WG: Ron Burgundy all the way. Due respect to Wolf Blitzer, cause he’s the man. But if you can ride wingman with Burgundy, your career is a rocket ship to the moon. That rubs off on you.

If you could say anything to Oprah, what would you say?
WG: Oprah, how do you do it? She’s one of, like, five or six people who has the commandment: Thou shalt not question or insult Oprah Winfrey. She’s totally bulletproof, and she’s earned that and created it. So I want Oprah bulletproofness, and how do I create that.

Have you listened to the new Beyoncé album?
WG: I haven’t yet, but I of course will. Thirty-two tracks, you really have to sit down and block off an afternoon.

If you were on Jeopardy, what would your useless fact be?
WG: I was simultaneously captain of the football team and a high-ranking official on the French club. So I had this facade of “I’m a jock,” but really I wanted to be in the French club. A closet dork, but now it’s out in the open.

Would you rather burp glitter or sneeze mashed potatoes?
WG: Burp glitter, it’s celebratory. It’s like New Year’s Eve!

I saw you just hugged Will Ferrell. What does he smell like?
HK: He smells like cinnamon. No, I’m just kidding, he smells clean, like zest.

Have you listed to the new Beyoncé album yet?
HK: I’ve listened to a little bit, and how did she do it?! How did no one — not a sound person’s girlfriend or boyfriend — not say anything?

If you could say anything to Oprah, what would you say?
HK: I like that she’s told the whole thing about why she didn’t have kids. I like that she’s telling everything. I don’t know what I’d ask her, because I feel like she’s telling everything.

If you could say anything to Oprah, what would you say to her?
HJO: Ah, wouldn’t you want Oprah to say something to you? I’d ask for advice, I guess.

If you were on Jeopardy, what would your useless fact be?
HJO: In 2011 I went to Cuba for a month. It was an incredibly rare and cool experience. I did a theatrical exchange program at NYU.

Would you rather burp glitter or sneeze mashed potatoes?
HJO: Burp glitter!

Would you rather co-anchor with Ron Burgundy or Wolf Blitzer?
HJO: Ron Burgundy, hands down!

If you could say anything to Oprah, what would you want to say?
KM: Well, it’s nice to meet you, Oprah.

If you were on Jeopardy, what would your useless fact be?
KM: I love incense, I’m fascinated by it. I love it.

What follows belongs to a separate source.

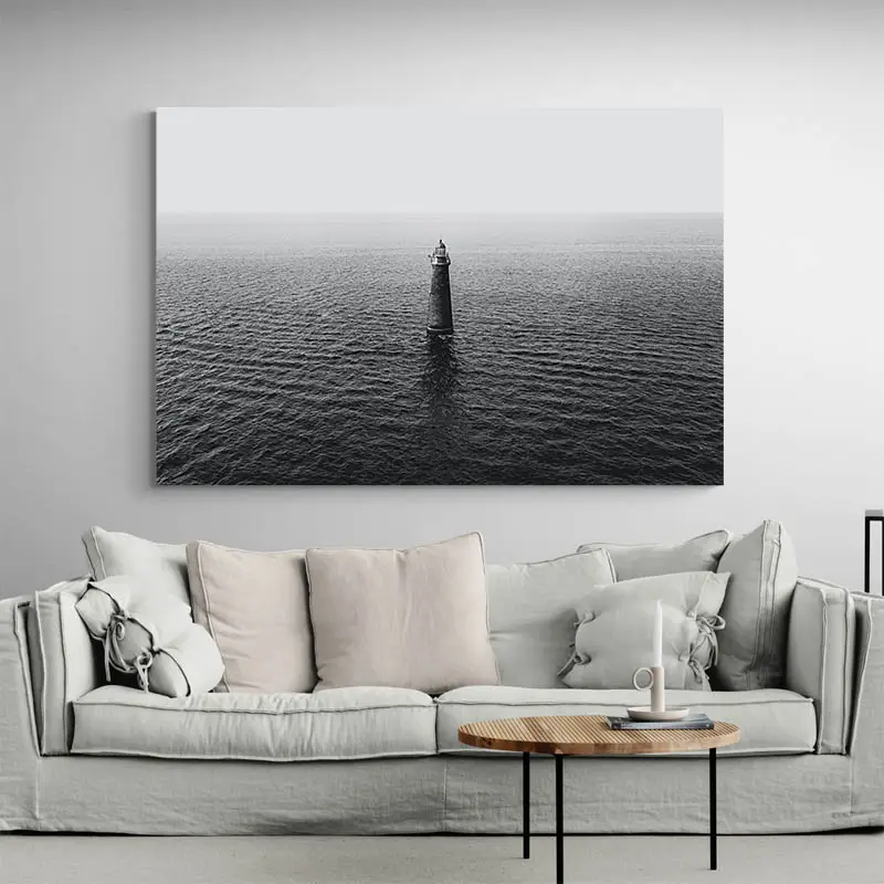 Il y a des tableaux comme ça, qui ne crient pas, mais qui parlent fort. Ce Tableau Phare en Mer, il fait exactement ça. Une scène toute simple : un phare, une mer calme, et ce noir et blanc qui rend l'ensemble presque intemporel.
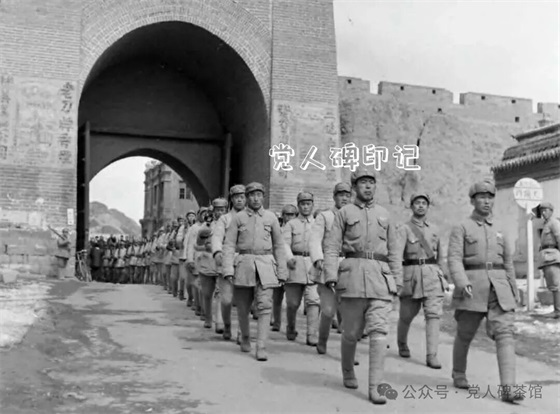 1946年4月,张家口,我军列队通过大境门。(美)拉克斯 摄

If you could say anything to Oprah, what would you say to her?
BE: I would ask her how it feels to be snubbed by the Golden Globes. That’s a rare snub for Oprah, don’t you think? The Foreign Press Association, they don’t give a shit about Oprah! But I think she’d probably play it off like it’s nothing, but you know she does not like it at all.

Have you listened to the new Beyoncé album?
BE: I did! I watched the “Pretty Hurts” video, that was a brilliant move. I bought the whole thing. It would have been nice if she had also dropped a couple of melodies, but it’s a very experimental thing, I don’t know how I feel about it yet. But I’m usually team Beyoncé.

Would you rather co-anchor with Ron Burgundy or Wolf Blitzer?
BE: Oh wow. Wolf Blitzer. Because I really want to have sex with him. Wouldn’t you like to see that? CNN needs something to pump up the ratings.

If you were on Jeopardy, what would your useless fact be?
BE: That my mom accidentally killed my cat. She got it addicted to kosher turkey — like, human food — and it wouldn’t stop throwing up. But yeah, it would be fun, they’d be like, “Billy!” and I’d say my mom killed my cat and it would be awkward.